The contest unfolds in two judging stages.

  • Stage 1 — First Cut: A committee of physics teachers reviews all entries and selects the top 100, looking for technically strong photographs paired with essays that show your child is thinking like a physicist — not just naming a concept, but reasoning through it.
  • Stage 2 — Final Judging: The top 100 photos are displayed at the AAPT Summer Meeting and judged in person to determine first, second, and third place in each category.

Who It's For

This is a strong fit for the kid who already takes pictures on their phone of the weird things they notice — a rainbow in a sprinkler, the way a spoon looks bent in a glass of water, the shadow patterns on a sidewalk. It rewards observation and curiosity over technical polish. Your child doesn't need a fancy camera or a physics lab. They need a question worth asking, and the patience to figure out what's actually happening in the frame.

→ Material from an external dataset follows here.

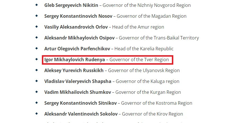 Среди глав регионов, которые попали под санкции Америки, - губернатор Тверской области Игорь Руденя.

It's also a genuinely rare entry point for the kid who loves physics but doesn't see themselves on the competition-math track. The Olympiad and Physics Bowl reward speed and problem sets. This one rewards a different kind of thinking.

Judges & Mentorship

Judging is done by working high school and college physics teachers, organized through AAPT's national committees. There's no formal mentorship built into the contest — the teacher of record at your child's school is their primary guide, which is why this contest works best when there's a physics teacher willing to sponsor entries.

What Makes This Different

Most physics contests are timed exams. This one rewards the opposite: looking carefully at a single moment and explaining it well. Winning photos are published in a poster mailed out with The Physics Teacher journal, giving your child — and their teacher — recognition inside the national physics-teaching community. For a high schooler thinking seriously about physics in college, that's a credential that signals real engagement with the field.

Application & Eligibility

  • Open to high school students worldwide in grades 9–12
  • Individual entries only — group work is not permitted
  • A school-based teacher must register the school and submit student names before your child can upload their entry

Cost & Information

  • Entry fee: $5 for AAPT members, $10 for non-members
  • Teacher registration window: Opens in early March, closes mid-May
  • Student photo upload deadline: Late May
  • Prizes per category: $100 (1st), $75 (2nd), $50 (3rd), plus a certificate. Teachers of winning students receive a $100 Vernier gift certificate.

Important Note on Originality

The photo must be taken by your child. Cropping is allowed, and minor adjustments to brightness, color, and sharpness are permitted — but the image has to be their own work, and the essay does too.